WORK TO BE COMPLETED:
Please retype the data below exactly, stopping after the line with "Stílusos és praktikus" and skipping every picture.

══ RECORDS SHOWN

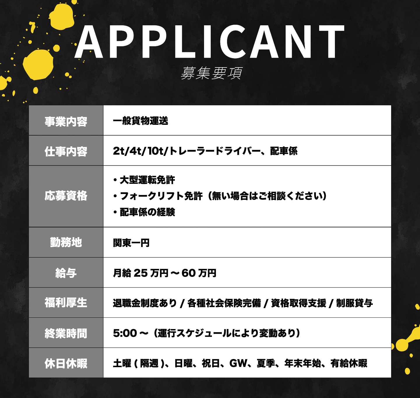 | 連絡先 | (杉戸営業所) 0480-38-9300 |
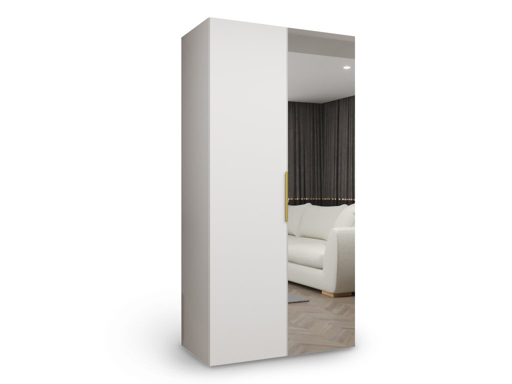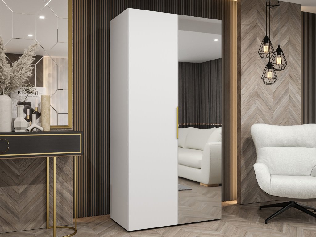Stílusos és praktikus szekrényt keres, amely minden helyiség bútorához illeszkedik? A Marbella 2 100 gardróbszekrény a tökéletes választás. Szélessége eléri a 100 cm-t, klasszikus fehér színben, matt felülettel készült. Ez a szekrény masszív, 16 mm vastag laminált lapból készült. A jobb oldali ajtón egy nagy, praktikus tükör található. A fehér szekrényt elegáns, aranyszínű alumínium fogantyúk díszítik. A Marbella 2 szekrény belsejében mindent megtalál, ami a rendszerezéshez szükséges: egy fém akasztórúd a ruhák felakasztásához, fölötte pedig egy masszív polc, ahová összehajtott ruhákat, kiegészítőket vagy dobozokat helyezhet. Az ajtók egyszerűen és kényelmesen nyithatók. A szekrény élei tartós PVC élzárással védettek, így nem sérülnek könnyen. A hátoldalon található erős HDF lapnak köszönhetően a szekrény nagyon stabil és hosszú élettartamú. Ezeknek a pozitív tulajdonságoknak köszönhetően elhelyezheti akár a nappaliban, hálószobában, előszobában vagy a gyerekszobában is.
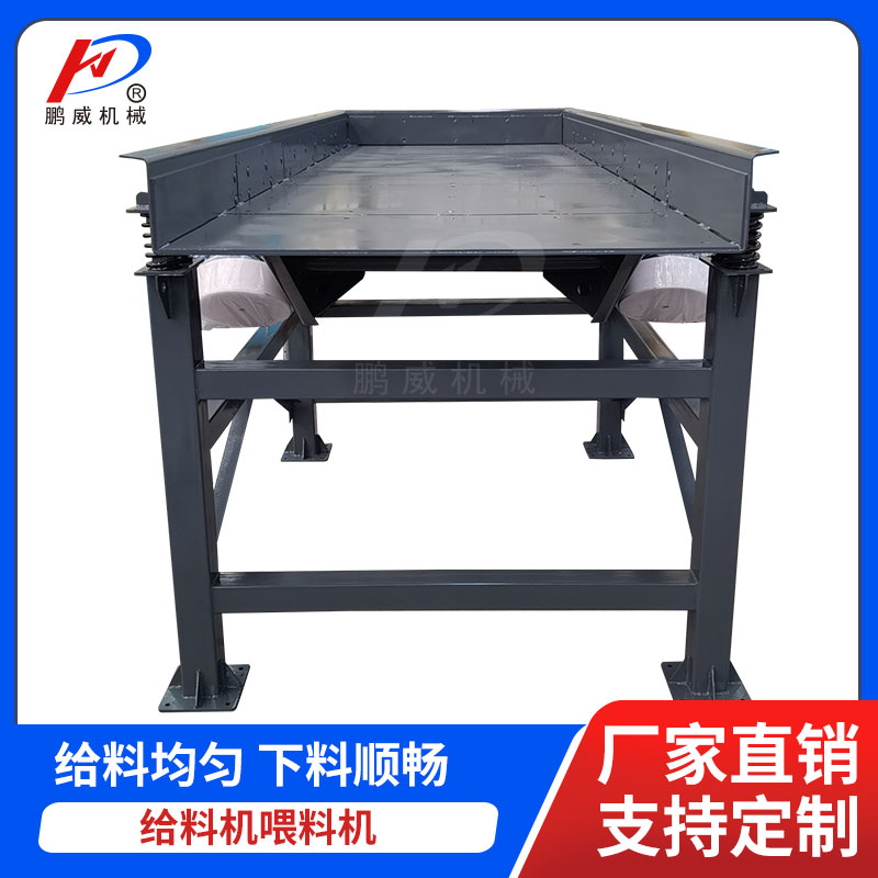 振動給料機主要由振動機架、振動電動機、彈簧、支承座及耐磨襯板等組成。由于振動電動機的啟動,使機架在支承彈簧上作強制振動,物料則以此振動為動力,在料槽上作滑動及拋擲運動,從而使物料前移而達到給料目的。
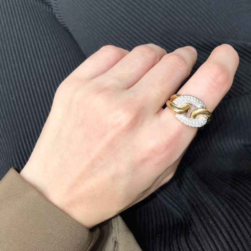 This luxurious 18K gold ring features a bold, intertwined design, accented with sparkling diamonds. The combination of smooth gold curves and radiant diamonds creates a statement piece that exudes sophistication and timeless elegance, perfect for special occasions or as a unique gift. Total weight: 9.4g.Note: GUILD certificate, comes with a jewelry, gemstone, and precious metal authentication certificate.
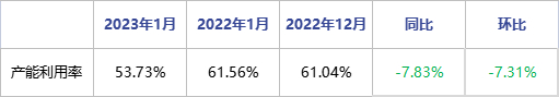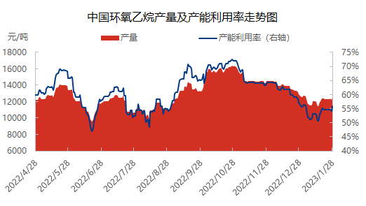 隆众数据统计,截止 2023年1月28日,中国乙烯产能利用率为55.81%,较春节前上升1.05个百分点,节间环氧乙烷价格触底,下游抄底生产订单,开工率尚可,对环氧乙烷保持正常接单,三江18万吨/年装置重启,负荷逐步提升中。
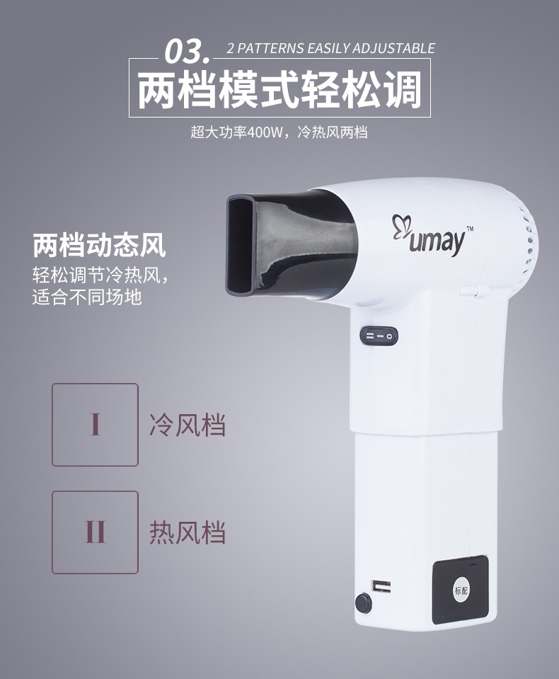 UMAY无线充ドラヤリキウム电池ドライヤUSB携帯型屋外不着电学生寮吹干毛美术连考妊妇供子供给用の标准配备

════

ANSWER SECTION:
 | 連絡先 | (杉戸営業所) 0480-38-9300 |
Stílusos és praktikus szekrényt keres, amely minden helyiség bútorához illeszkedik? A Marbella 2 100 gardróbszekrény a tökéletes választás. Szélessége eléri a 100 cm-t, klasszikus fehér színben, matt felülettel készült. Ez a szekrény masszív, 16 mm vastag laminált lapból készült. A jobb oldali ajtón egy nagy, praktikus tükör található. A fehér szekrényt elegáns, aranyszínű alumínium fogantyúk díszítik. A Marbella 2 szekrény belsejében mindent megtalál, ami a rendszerezéshez szükséges: egy fém akasztórúd a ruhák felakasztásához, fölötte pedig egy masszív polc, ahová összehajtott ruhákat, kiegészítőket vagy dobozokat helyezhet. Az ajtók egyszerűen és kényelmesen nyithatók. A szekrény élei tartós PVC élzárással védettek, így nem sérülnek könnyen. A hátoldalon található erős HDF lapnak köszönhetően a szekrény nagyon stabil és hosszú élettartamú. Ezeknek a pozitív tulajdonságoknak köszönhetően elhelyezheti akár a nappaliban, hálószobában, előszobában vagy a gyerekszobában is.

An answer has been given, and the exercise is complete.